For me though, I think a large part of my Internet use is an escape mechanism. I don’t turn on the television or watch movies during the day. I cannot bring myself to that. I feel that if I watched television, I would be succumbing to the illness. I am saving the TV for when and if I get too sick to do anything else. Hopefully that time will never materialize, as maybe I will get better, but who knows? After three years of worsening illness, I’m not sure what to think anymore.
So I escape to the Internet and find that there is more than enough to keep me busy. Writing for the blog keeps my brain from deteriorating. It also makes me feel accomplished. It is creative, but my true creative needs are fulfilled by more artistic pursuits. I started a store selling dresses because I always had an interest in fashion. Interior design grabs me, but the DIY projects have become physically too demanding at home. I am satisfied because I completed many of the projects that needed to get done in my house, but I had to find a more restful outlet.
My husband, kids and dogs have not been too happy about my new internet pursuits, as I’m almost always glued to the screen. One of my dogs occasionally paws my phone out of my hand. My husband tries to talk to me, but I am not a great multitasker these days and I really can’t hold a conversation while concentrating on my product listings!

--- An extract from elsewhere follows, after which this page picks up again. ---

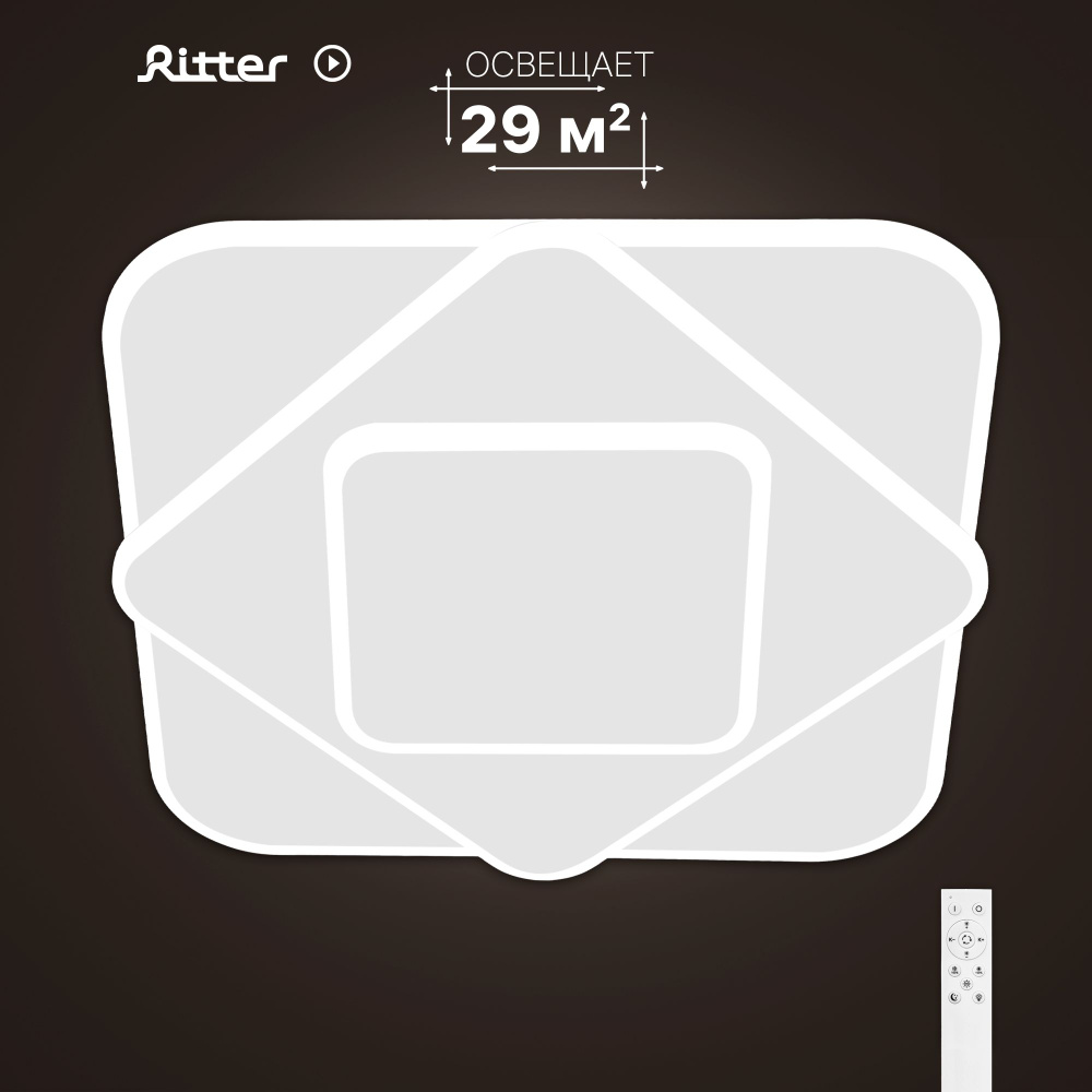 Люстра потол LED димм 88Вт 2700+6400/4200/6400+2700 с ДУ 3 реж 485х485х55 29м² бел Ritter GALASSIA

Spending the day on the computer leaves me fulfilled enough, but I wonder if it’s just avoidance behavior. I’m avoiding thinking about the future. But if I’m happy in the present, isn’t that what’s important?
Busyness on my internet business also helps avoid discomfort as I often have pain that gets worse when I’m up. Lying down usually alleviates most of the discomfort. The Internet gets me through those weeks that I can’t do anything useful like house work, while ameliorating my guilt.
As it happens, I’m finally starting to notice a pattern. I do feel better after the monthly Remicade infusions. My energy increases for at least a few days, sometimes longer. That’s when I can clean, shop and cook more. Once or twice I have even tried to exercise but was too wiped out to continue on a regular basis.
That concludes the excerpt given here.